* **Task item**
Repeat each entry exactly; omit all pictures.

* **Entries provided**
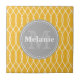 Moda, moderno, elegante y elegante patrón de entramado moderno en una paleta de colores amarillo y blanco brillante con una placa con el nombre de su personalizado personalizado y letra inicial monograma.
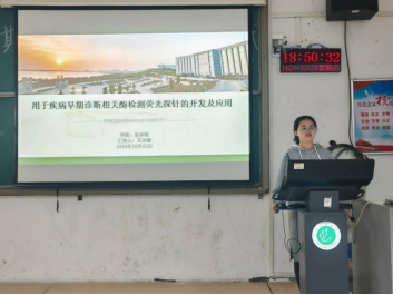 王杰敏博士以《用于疾病早期诊断相关酶检测的荧光探针的开发及应用》为题,详细解释了荧光传感器与酶激活荧光探针的工作原理,并突显了这些先进技术在促进基础生物学与医学研究方面的重要作用,及其在临床实践中改善癌症诊疗效果的巨大潜力。此外,王博士还分享了她关于准备研究生入学考试的学习方法、备考重点以及如何选择合适院校的见解,鼓舞在座的学生们继续求学深造,追求卓越的学术成就。
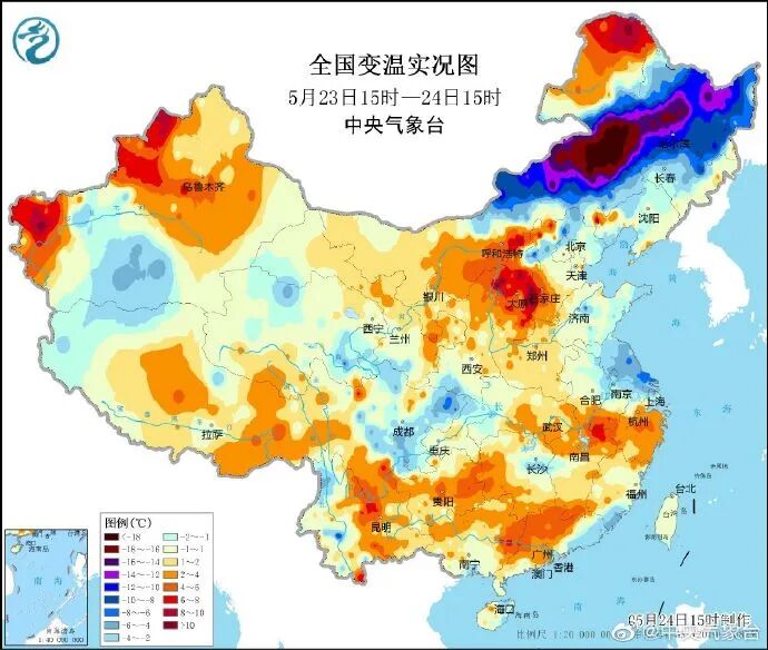 【山东省气象台】5月25日06时继续发布内陆大风蓝色预警:预计25日白天到夜间,青岛和日照南风转北风5~6级阵风7~8级,烟台和威海北风5~6级阵风7~8级转南风4~5级阵风6~7级,其他地市北风4~5级阵风7~8级转南风3~4级。另外,25日白天,滨州、东营、淄博、潍坊、枣庄、临沂、日照、青岛、烟台和威海有雷阵雨,局部地区有冰雹,雷雨地区雷雨时阵风8~10级。
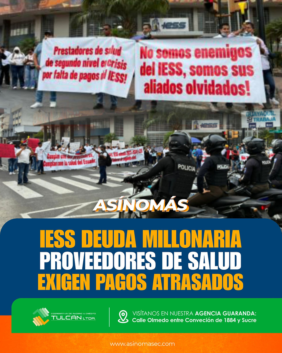 Los manifestantes forman parte de los 40 prestadores externos de salud de segundo nivel en Guayas, quienes denuncian que la falta de auditorías médicas durante todo el 2024 ha impedido la validación de facturas por servicios ya prestados, paralizando los pagos. Según los voceros, el incumplimiento pone en riesgo la atención de más de cuatro millones de afiliados y jubilados en el país.
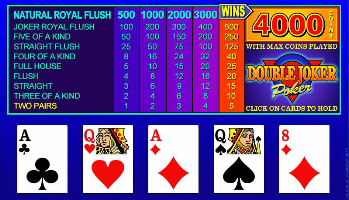 Doble Bromista vídeo póker es un juego poker súper divertido que utilizada una bajada de 52 cartas mas 2 jokers que actúan como comodines.
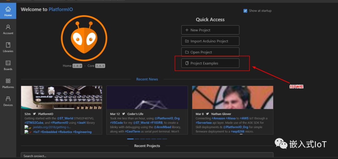 講了這么多到底怎么使用呢?還是在PlatformIO上做開(kāi)發(fā)工作,因?yàn)锳rduino服務(wù)器在亞馬遜上,有些東西下載很慢,而且需要翻墻,所以直接放棄。
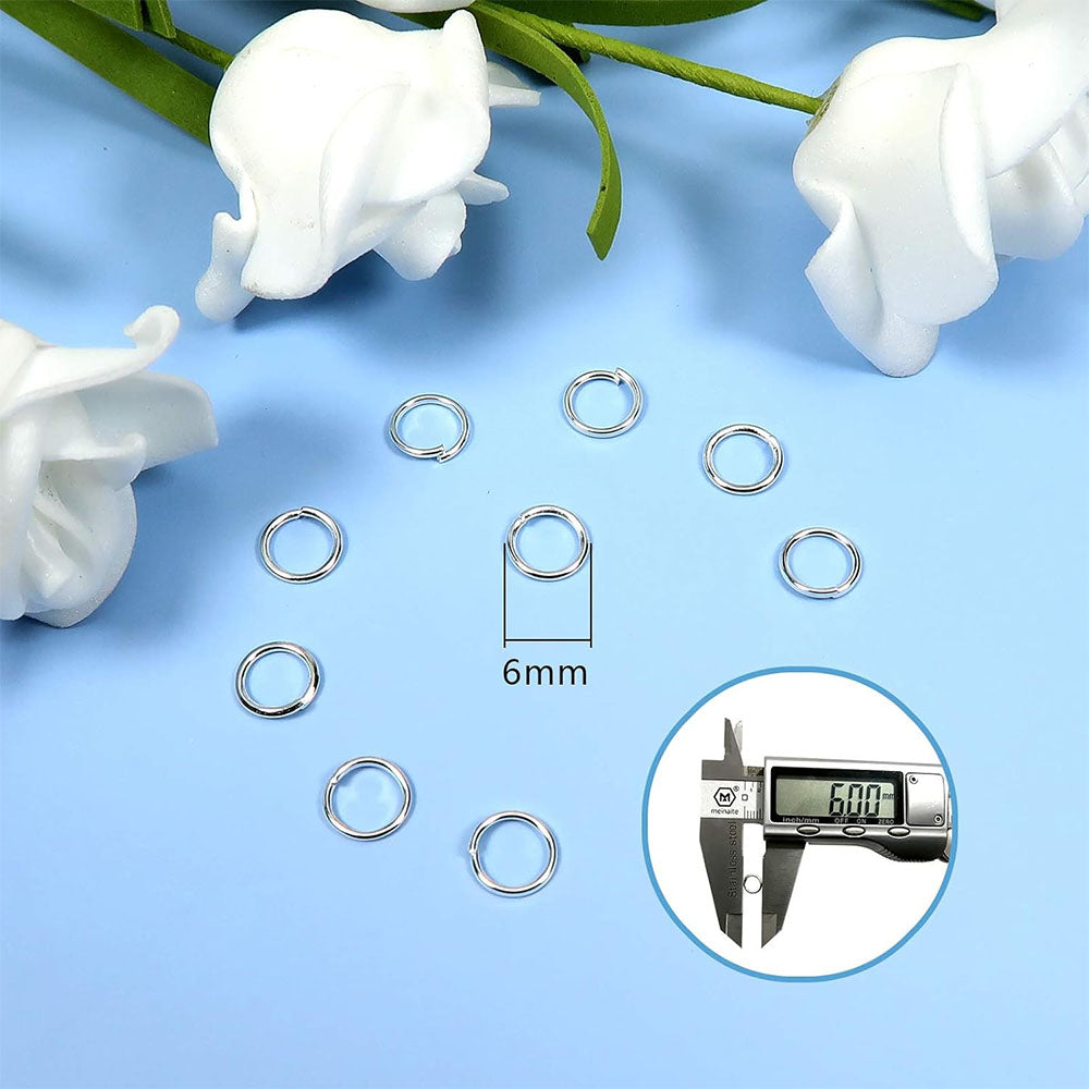 100pcs 6mm jump rings made from strong brass material and coated with premium 925 silver plating. Their durable plating ensures long-lasting shine and resistance to tarnish, making them perfect for DIY jewelry making, crafting, and repairs. The 5mm size is ideal for connecting chains, clasps, charms, and pendants, offering a secure and professional finish for both beginners and experienced jewelry designers.
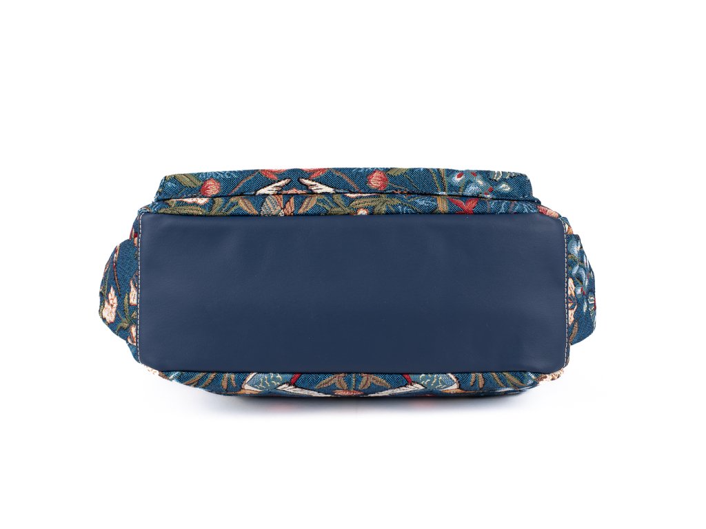 🎨 Design: Gobelínový vzor s kolibříky v letu mezi květinami na modrém pozadí. Jemné barvy v kombinaci s kontrastním lemem a kovovým logem tvoří harmonický celek.
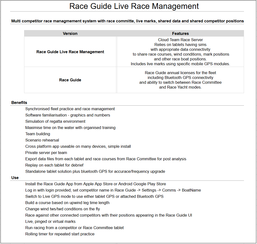 Race Guide Live Race Management is a competitor race managmement system with race committe, live marks, shared data and shared competitor positions.
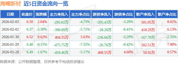 2月3日的资金流向数据方面,主力资金净流出295.62万元,占总成交额4.73%,游资资金净流出205.43万元,占总成交额3.29%,散户资金净流入501.05万元,占总成交额8.02%。
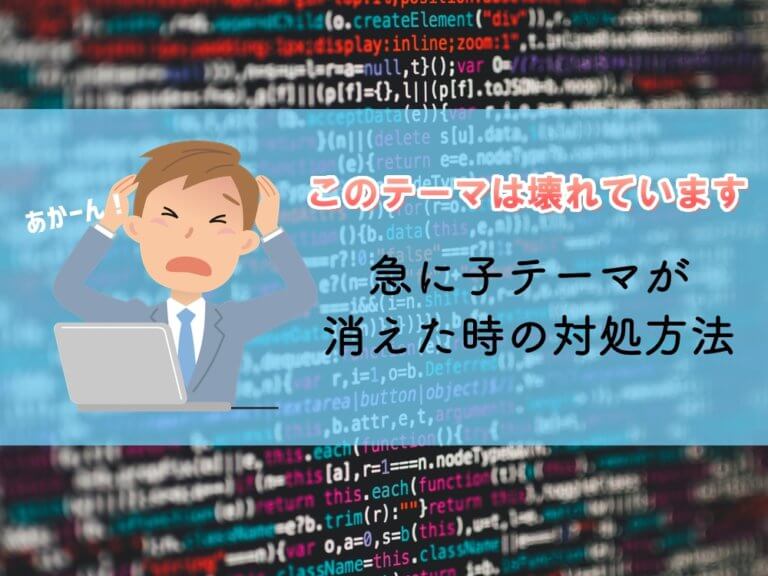 このように「子テーマ」が急に消えてしまったり、「このテーマは壊れています」と表記されるシチュエーションは、主に「テーマのアップロード中や後」に多いです。

* **Response**
 Moda, moderno, elegante y elegante patrón de entramado moderno en una paleta de colores amarillo y blanco brillante con una placa con el nombre de su personalizado personalizado y letra inicial monograma.
 王杰敏博士以《用于疾病早期诊断相关酶检测的荧光探针的开发及应用》为题,详细解释了荧光传感器与酶激活荧光探针的工作原理,并突显了这些先进技术在促进基础生物学与医学研究方面的重要作用,及其在临床实践中改善癌症诊疗效果的巨大潜力。此外,王博士还分享了她关于准备研究生入学考试的学习方法、备考重点以及如何选择合适院校的见解,鼓舞在座的学生们继续求学深造,追求卓越的学术成就。
 【山东省气象台】5月25日06时继续发布内陆大风蓝色预警:预计25日白天到夜间,青岛和日照南风转北风5~6级阵风7~8级,烟台和威海北风5~6级阵风7~8级转南风4~5级阵风6~7级,其他地市北风4~5级阵风7~8级转南风3~4级。另外,25日白天,滨州、东营、淄博、潍坊、枣庄、临沂、日照、青岛、烟台和威海有雷阵雨,局部地区有冰雹,雷雨地区雷雨时阵风8~10级。
 Los manifestantes forman parte de los 40 prestadores externos de salud de segundo nivel en Guayas, quienes denuncian que la falta de auditorías médicas durante todo el 2024 ha impedido la validación de facturas por servicios ya prestados, paralizando los pagos. Según los voceros, el incumplimiento pone en riesgo la atención de más de cuatro millones de afiliados y jubilados en el país.
 Doble Bromista vídeo póker es un juego poker súper divertido que utilizada una bajada de 52 cartas mas 2 jokers que actúan como comodines.
 講了這么多到底怎么使用呢?還是在PlatformIO上做開(kāi)發(fā)工作,因?yàn)锳rduino服務(wù)器在亞馬遜上,有些東西下載很慢,而且需要翻墻,所以直接放棄。
 100pcs 6mm jump rings made from strong brass material and coated with premium 925 silver plating. Their durable plating ensures long-lasting shine and resistance to tarnish, making them perfect for DIY jewelry making, crafting, and repairs. The 5mm size is ideal for connecting chains, clasps, charms, and pendants, offering a secure and professional finish for both beginners and experienced jewelry designers.
 🎨 Design: Gobelínový vzor s kolibříky v letu mezi květinami na modrém pozadí. Jemné barvy v kombinaci s kontrastním lemem a kovovým logem tvoří harmonický celek.
 Race Guide Live Race Management is a competitor race managmement system with race committe, live marks, shared data and shared competitor positions.
 2月3日的资金流向数据方面,主力资金净流出295.62万元,占总成交额4.73%,游资资金净流出205.43万元,占总成交额3.29%,散户资金净流入501.05万元,占总成交额8.02%。
 このように「子テーマ」が急に消えてしまったり、「このテーマは壊れています」と表記されるシチュエーションは、主に「テーマのアップロード中や後」に多いです。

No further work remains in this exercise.